(TASK PROMPT)
Could you return every record below word for word, leaving out the pictures?

(EXCERPTED RECORDS)

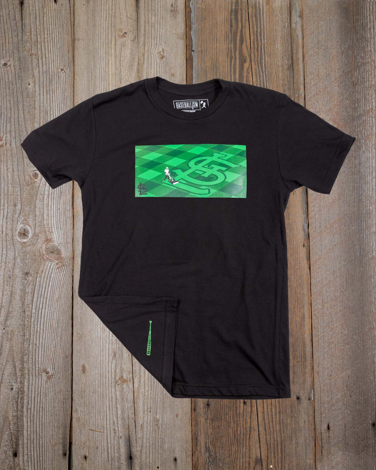 – Vintage Baseballism bat screened on back right of the garment
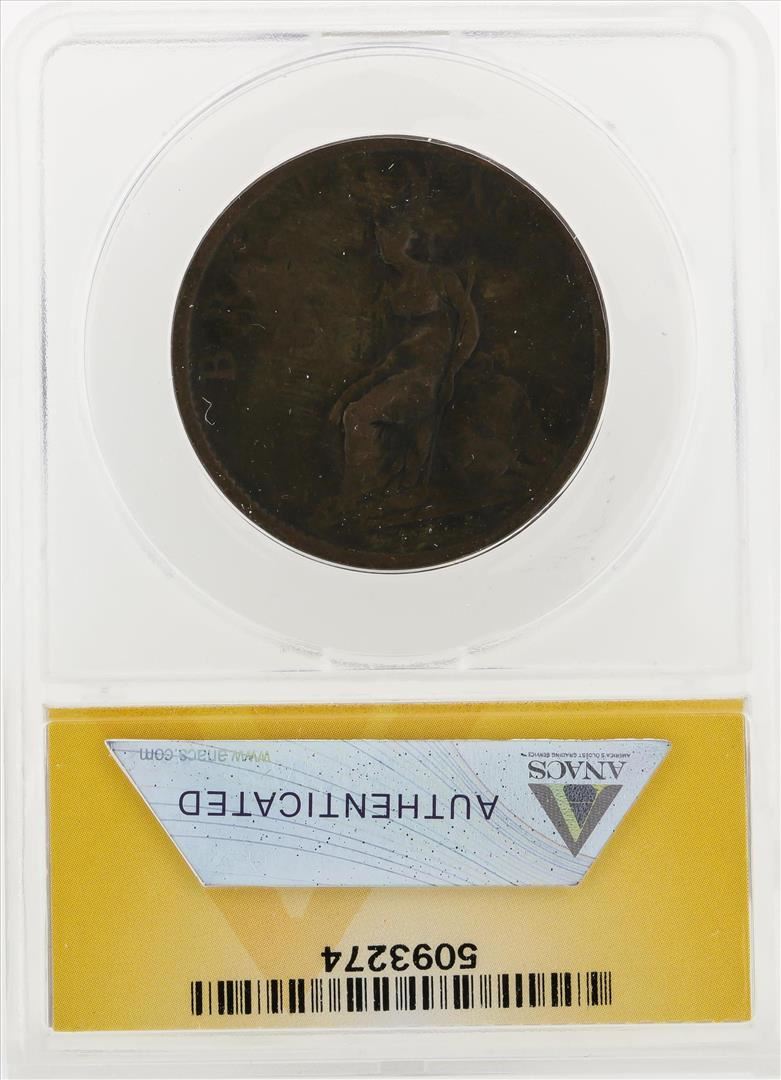 One 1807 1 Penny Great Britain Damaged Coin ANACS VG8 Details. ANACS Certified.
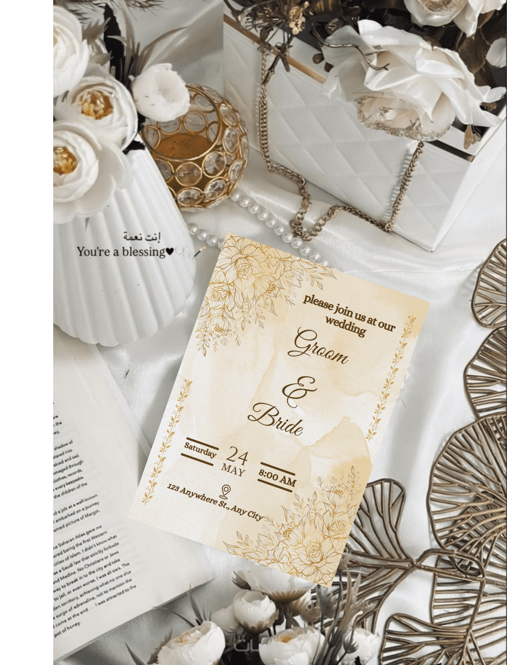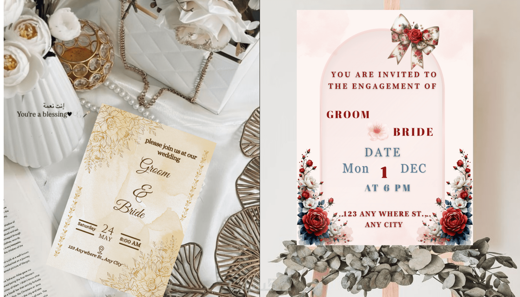 اجعل أول خطوة في فرحك تبهر الكل،تصميم دعوة زفاف تخطف الأنظار
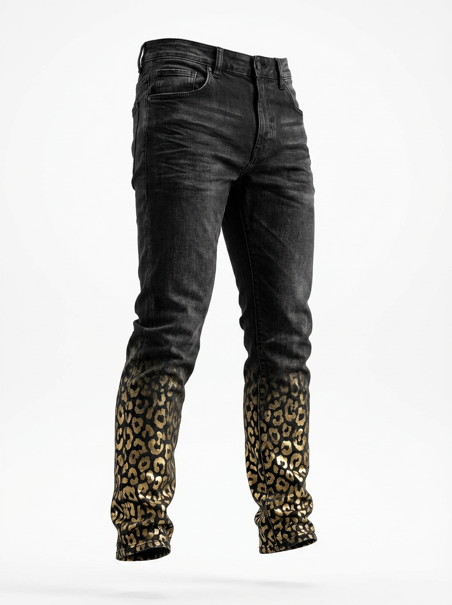 Pe26,101janv Jeans noir avec effet délavé et léopards doré
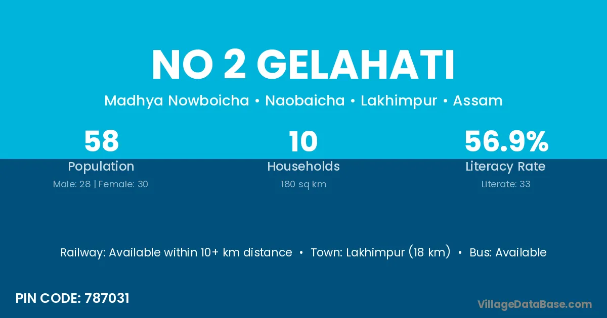 Lakhimpur (18 km) is the nearest town to No 2 Gelahati village for major economic activities and is located approximately 18 km away.
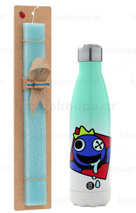 Blue, Rainbow friends, Πασχαλινή Λαμπάδα με Μεταλλικό παγούρι θερμός Πράσινο/Λευκό (Stainless steel), διπλού τοιχώματος, 500ml & κερί αρωματικό πλακέ (30cm) (ΤΙΡΚΟΥΑΖ)

(SOLVED PROBLEM)
 – Vintage Baseballism bat screened on back right of the garment
 One 1807 1 Penny Great Britain Damaged Coin ANACS VG8 Details. ANACS Certified.
 اجعل أول خطوة في فرحك تبهر الكل،تصميم دعوة زفاف تخطف الأنظار
 Pe26,101janv Jeans noir avec effet délavé et léopards doré
 Lakhimpur (18 km) is the nearest town to No 2 Gelahati village for major economic activities and is located approximately 18 km away.
 Blue, Rainbow friends, Πασχαλινή Λαμπάδα με Μεταλλικό παγούρι θερμός Πράσινο/Λευκό (Stainless steel), διπλού τοιχώματος, 500ml & κερί αρωματικό πλακέ (30cm) (ΤΙΡΚΟΥΑΖ)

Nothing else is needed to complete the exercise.